__Description of the task__
From the line holding "aws에서는 다음 6가지" through the line holding "Advances in MoS2-based" below, write out every line exactly; include both of those lines and drop the pictures.

__Material for this exercise__
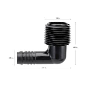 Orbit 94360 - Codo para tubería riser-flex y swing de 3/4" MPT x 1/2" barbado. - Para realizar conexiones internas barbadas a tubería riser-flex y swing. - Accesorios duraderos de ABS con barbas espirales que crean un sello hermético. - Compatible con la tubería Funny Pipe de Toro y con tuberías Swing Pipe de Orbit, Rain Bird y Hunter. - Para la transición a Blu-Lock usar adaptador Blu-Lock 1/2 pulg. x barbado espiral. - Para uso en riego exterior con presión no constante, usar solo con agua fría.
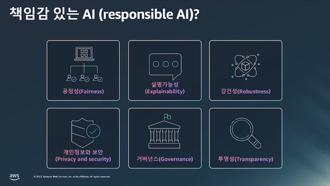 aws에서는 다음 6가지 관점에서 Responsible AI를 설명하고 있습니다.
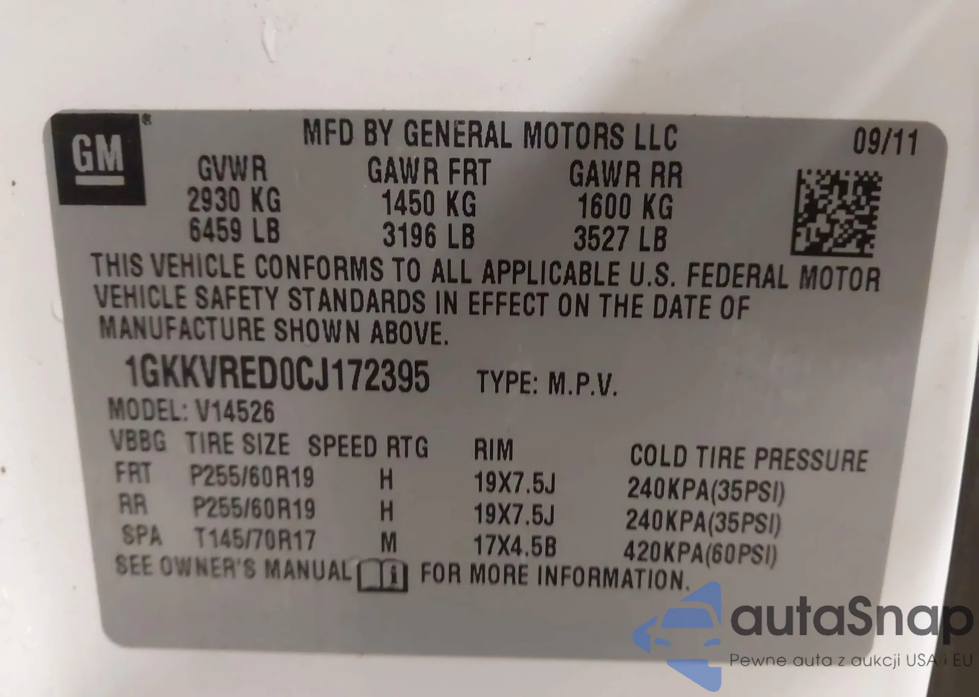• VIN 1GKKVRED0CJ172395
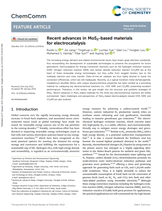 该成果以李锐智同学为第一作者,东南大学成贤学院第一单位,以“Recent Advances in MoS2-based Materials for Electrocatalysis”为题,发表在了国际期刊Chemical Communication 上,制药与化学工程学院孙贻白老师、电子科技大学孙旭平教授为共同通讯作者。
==
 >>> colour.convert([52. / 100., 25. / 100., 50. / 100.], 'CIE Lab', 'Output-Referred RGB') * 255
...
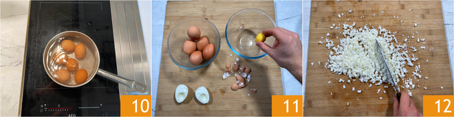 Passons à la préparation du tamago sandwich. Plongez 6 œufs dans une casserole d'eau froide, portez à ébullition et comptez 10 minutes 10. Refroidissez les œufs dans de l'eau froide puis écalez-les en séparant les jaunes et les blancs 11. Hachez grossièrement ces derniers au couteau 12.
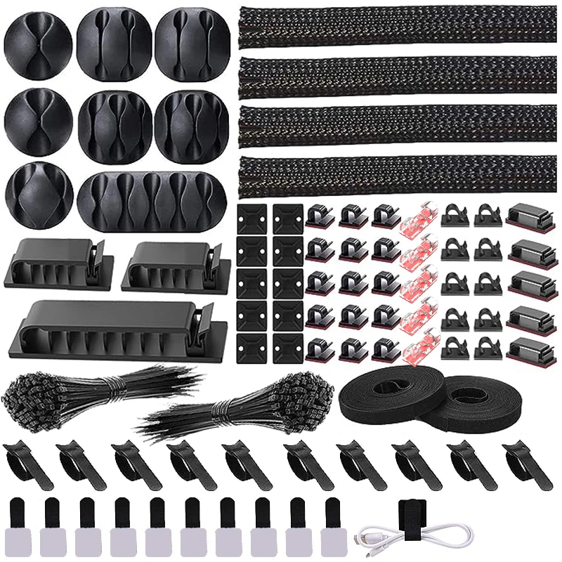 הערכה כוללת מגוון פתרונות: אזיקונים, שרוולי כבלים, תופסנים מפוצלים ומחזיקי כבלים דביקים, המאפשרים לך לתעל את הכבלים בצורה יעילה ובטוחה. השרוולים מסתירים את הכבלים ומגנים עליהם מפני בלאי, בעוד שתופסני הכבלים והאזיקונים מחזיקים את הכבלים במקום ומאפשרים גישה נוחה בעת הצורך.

__Exercise response__
 aws에서는 다음 6가지 관점에서 Responsible AI를 설명하고 있습니다.
• VIN 1GKKVRED0CJ172395
 该成果以李锐智同学为第一作者,东南大学成贤学院第一单位,以“Recent Advances in MoS2-based Materials for Electrocatalysis”为题,发表在了国际期刊Chemical Communication 上,制药与化学工程学院孙贻白老师、电子科技大学孙旭平教授为共同通讯作者。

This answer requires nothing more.